Task description =>
All of the data is to be printed exactly, though the images must be left off.

Given information =>
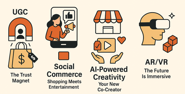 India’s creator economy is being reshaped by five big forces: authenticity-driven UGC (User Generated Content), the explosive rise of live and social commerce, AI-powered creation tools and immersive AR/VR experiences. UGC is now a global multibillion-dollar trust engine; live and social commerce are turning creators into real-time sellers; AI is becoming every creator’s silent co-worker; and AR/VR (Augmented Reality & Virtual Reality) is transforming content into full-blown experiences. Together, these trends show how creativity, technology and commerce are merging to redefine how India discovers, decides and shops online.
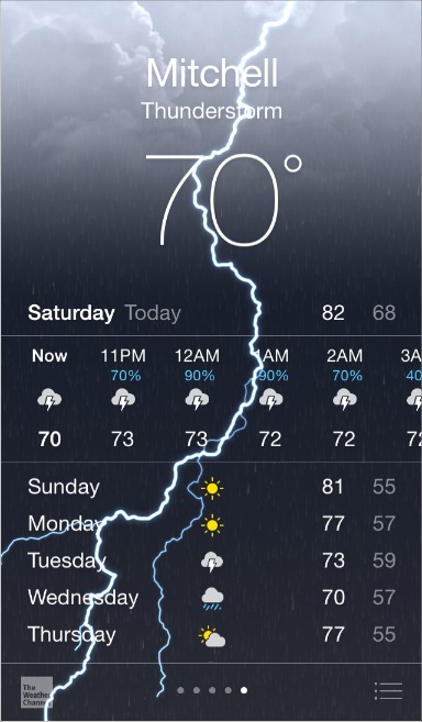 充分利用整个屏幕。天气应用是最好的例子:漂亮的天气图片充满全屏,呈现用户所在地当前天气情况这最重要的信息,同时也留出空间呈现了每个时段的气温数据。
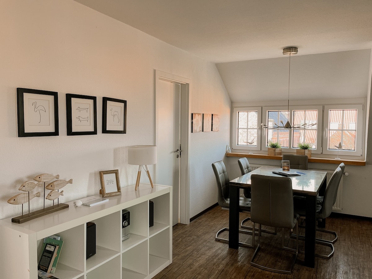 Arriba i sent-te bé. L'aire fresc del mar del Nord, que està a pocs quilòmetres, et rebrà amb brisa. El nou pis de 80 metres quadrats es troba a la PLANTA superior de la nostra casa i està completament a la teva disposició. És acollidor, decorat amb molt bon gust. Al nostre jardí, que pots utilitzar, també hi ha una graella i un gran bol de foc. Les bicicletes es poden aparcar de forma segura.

Answer =>
 India’s creator economy is being reshaped by five big forces: authenticity-driven UGC (User Generated Content), the explosive rise of live and social commerce, AI-powered creation tools and immersive AR/VR experiences. UGC is now a global multibillion-dollar trust engine; live and social commerce are turning creators into real-time sellers; AI is becoming every creator’s silent co-worker; and AR/VR (Augmented Reality & Virtual Reality) is transforming content into full-blown experiences. Together, these trends show how creativity, technology and commerce are merging to redefine how India discovers, decides and shops online.
 充分利用整个屏幕。天气应用是最好的例子:漂亮的天气图片充满全屏,呈现用户所在地当前天气情况这最重要的信息,同时也留出空间呈现了每个时段的气温数据。
 Arriba i sent-te bé. L'aire fresc del mar del Nord, que està a pocs quilòmetres, et rebrà amb brisa. El nou pis de 80 metres quadrats es troba a la PLANTA superior de la nostra casa i està completament a la teva disposició. És acollidor, decorat amb molt bon gust. Al nostre jardí, que pots utilitzar, també hi ha una graella i un gran bol de foc. Les bicicletes es poden aparcar de forma segura.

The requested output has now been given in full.